Ford took advantage of EPA loophole big enough to drive a hybrid car through

America’s fuel economy labeling requirements are full of loopholes, and Ford found a way to drive a hybrid car right through one.

After owners complained that they couldn’t get close to the advertised 47 mpg from the C-Max Hybrid, and we reported an average of just 37 mpg in our instrumented fuel economy tests, it became clear that something was wrong with the C-Max’s rating. Yesterday, Ford announced a new 43 mpg rating for the small wagon, noting that it had simply applied the fuel-economy rating of the larger, sleeker Fusion Hybrid to the C-Max, as allowed under current EPA rules. (Read: Ford lowers C-Max Hybrid fuel economy rating, makes more updates for 2014.)
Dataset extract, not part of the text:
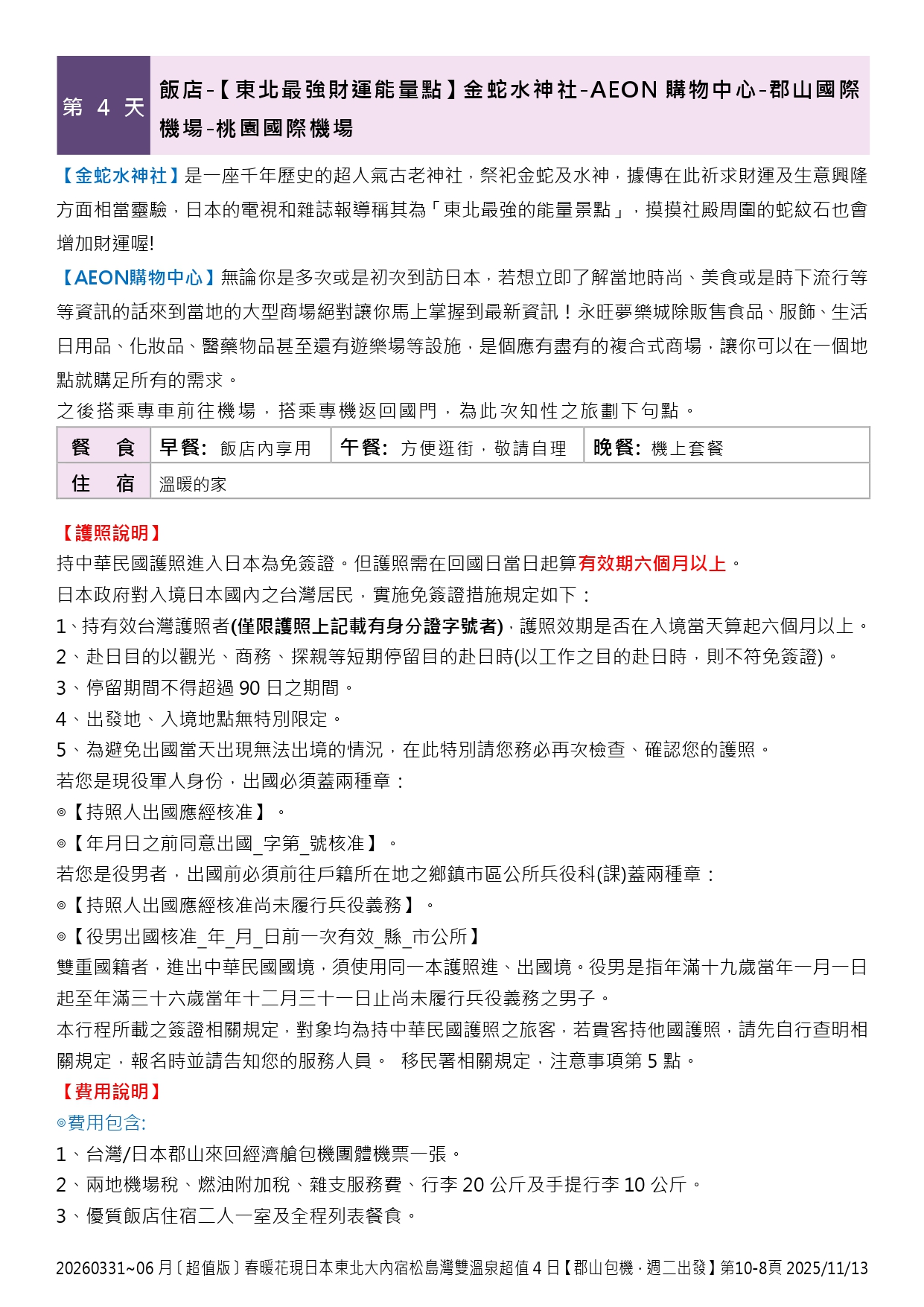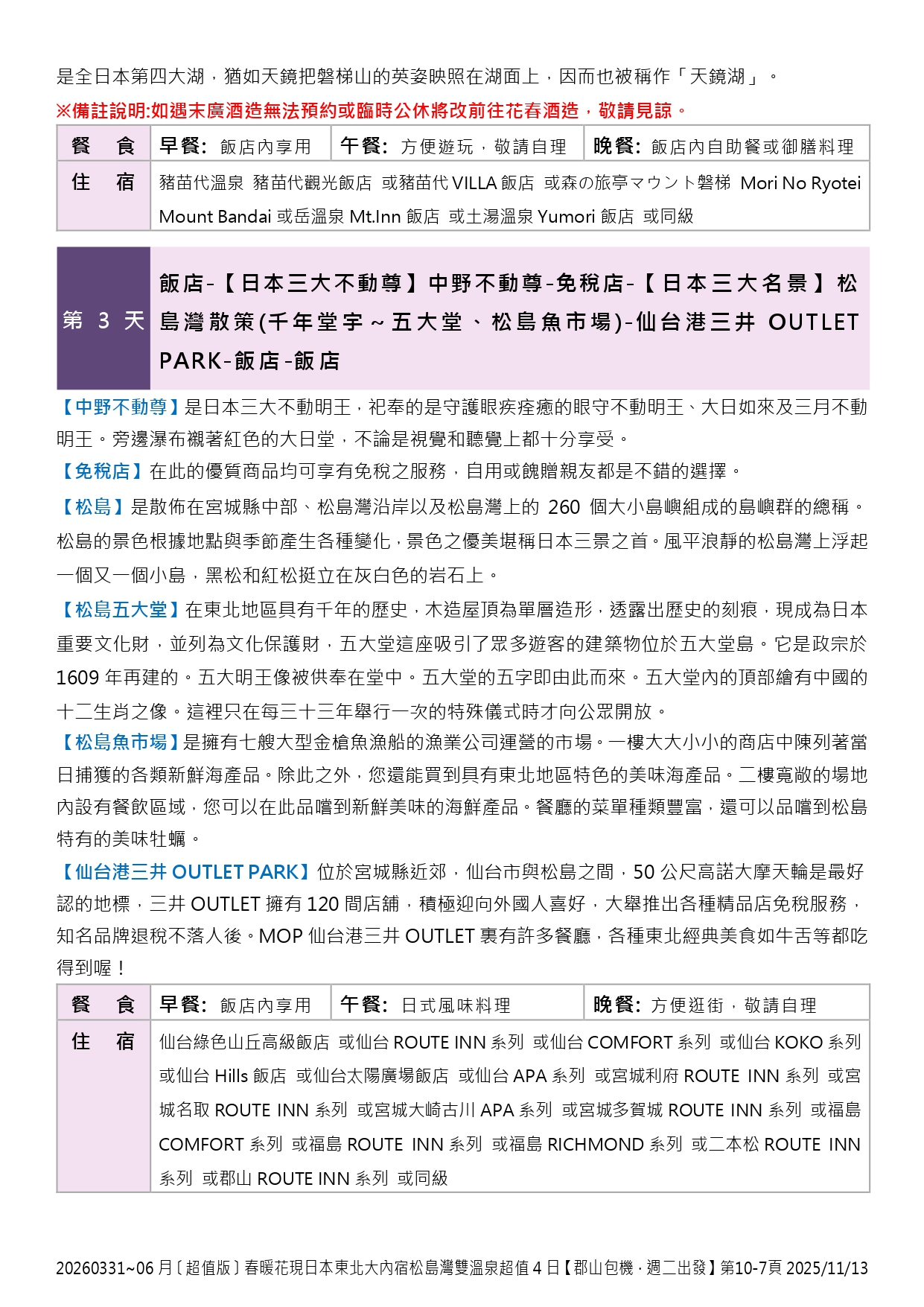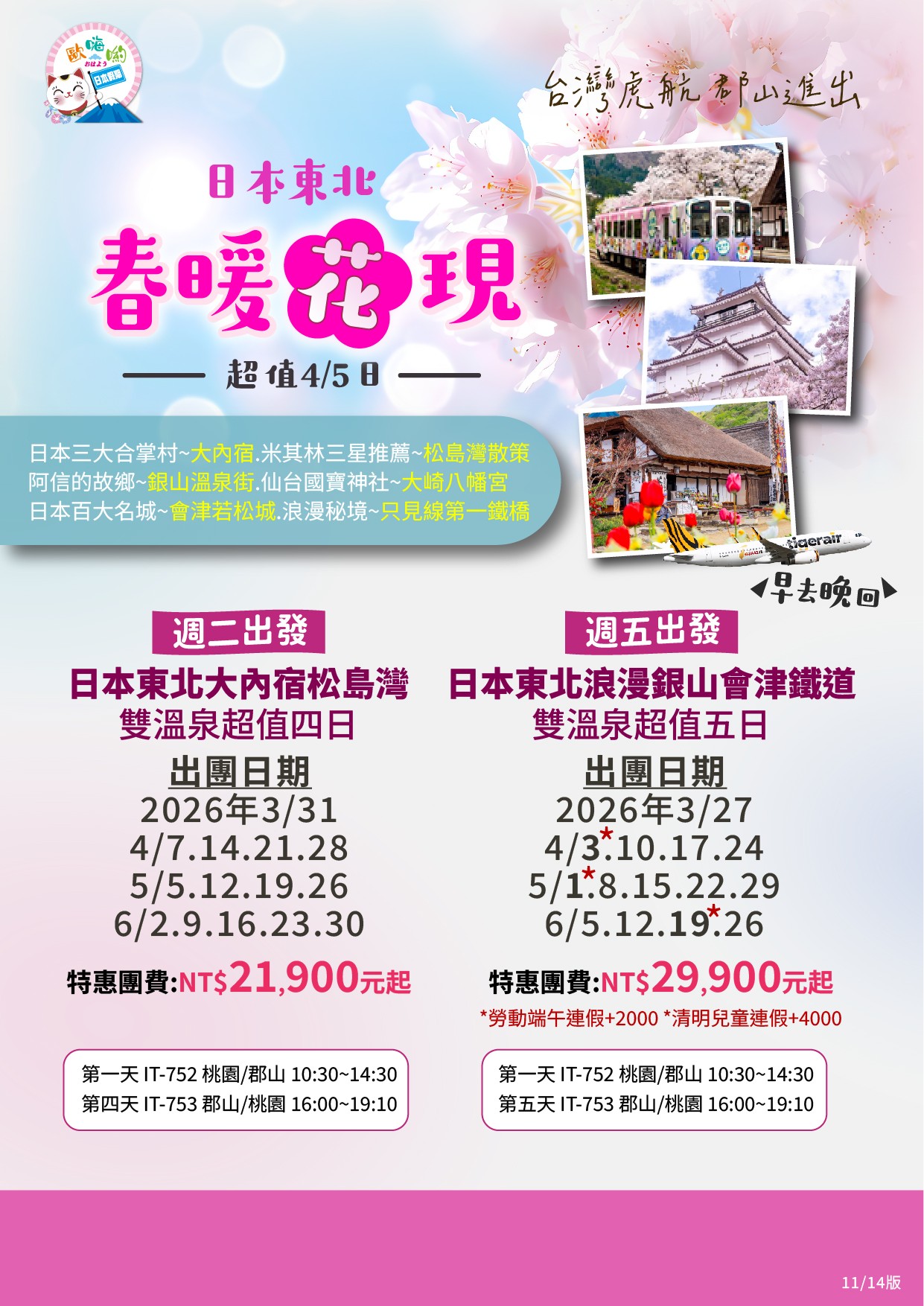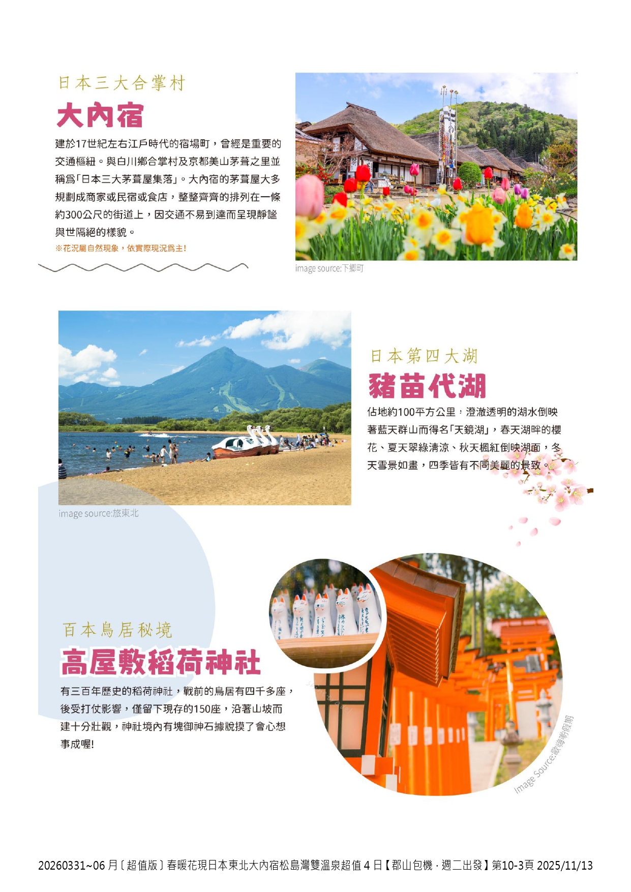 20260331~06月〔超值版〕春暖花現日本東北大內宿松島灣雙溫泉超值4日【郡山包機.週二出)(13)

EPA rules specify that if two cars use the same engine and transmission, and fall into the same weight class, automakers have the discretion to use the same test results for both, even if they only actually test one of them. The Fusion Hybrid and the C-Max use the same engine, transmission, and electric drive, and their weights fall within 35-pounds of each other. But unlike other cars that may share an EPA fuel-economy rating, the two cars are not remotely the same size or shape, nor do they even share platforms.

The new estimates are based on an actual test conducted by the EPA after the discrepancy with the ratings came to light. According to a written explanation by the EPA, when the car was first retested, it averaged just 41 mpg. Ford meanwhile, was scrambling to improve the C-Max’s mileage and issued a suite of software updates that brought the rating up to 43 mpg in a second test.

All this got us wondering whether other cars may be benefitting from unrealistic ratings from the EPA, based on these “rules.” So we searched our data for cars from the same manufacturers that share the same engine and transmission and have identical EPA city, highway, and overall fuel economy results, but got different mileage in our fuel economy tests. Other than the C-Max and Fusion Hybrid, we found six other pairs of cars that fit that description, from Ford, Chevrolet, Nissan, Toyota, and Volkswagen.

Make & Model CR overall mpg CR city/ hwy EPA overall EPA city/ hwy
Ford C-Max Hybrid SE 37 35 / 38 47 47 / 47
Ford Fusion SE Hybrid 39 35 / 41 47 47 / 47
 
Ford Fusion Titanium (2.0T) 22 14 / 33 26 22 / 33
Lincoln MKZ 2.0 EcoBoost 23 16 / 34 26 22 / 33
 
Chevrolet Equinox (V6) 18 12 / 25 19 16 / 23
Chevrolet Traverse 16 11 / 23 19 16 / 23
 
Nissan Frontier (V6) 15 11 / 21 16 14 / 19
Nissan Xterra 17 12 / 23 16 14 / 19
 
Lexus ES 350 25 17 / 35 24 21 / 31
Toyota Avalon Limited (V6) 24 16 / 34 24 21 / 31
 
Toyota Land Cruiser 14 10 / 20 15 13 / 18
Toyota Sequoia 15 10 / 21 15 13 / 18
 
Volkswagen Golf TDI 38 27 / 49 34 30 / 41
Volkswagen Jetta SportWagen TDI 36 25 / 49 34 30 / 41

We looked up their EPA test results and found that all 14 cars use a mathematical derivation formula in lieu of an actual test. EPA doesn’t publish the formula used, so we can’t tell if one model’s estimates are adjusted in any way relative to one another.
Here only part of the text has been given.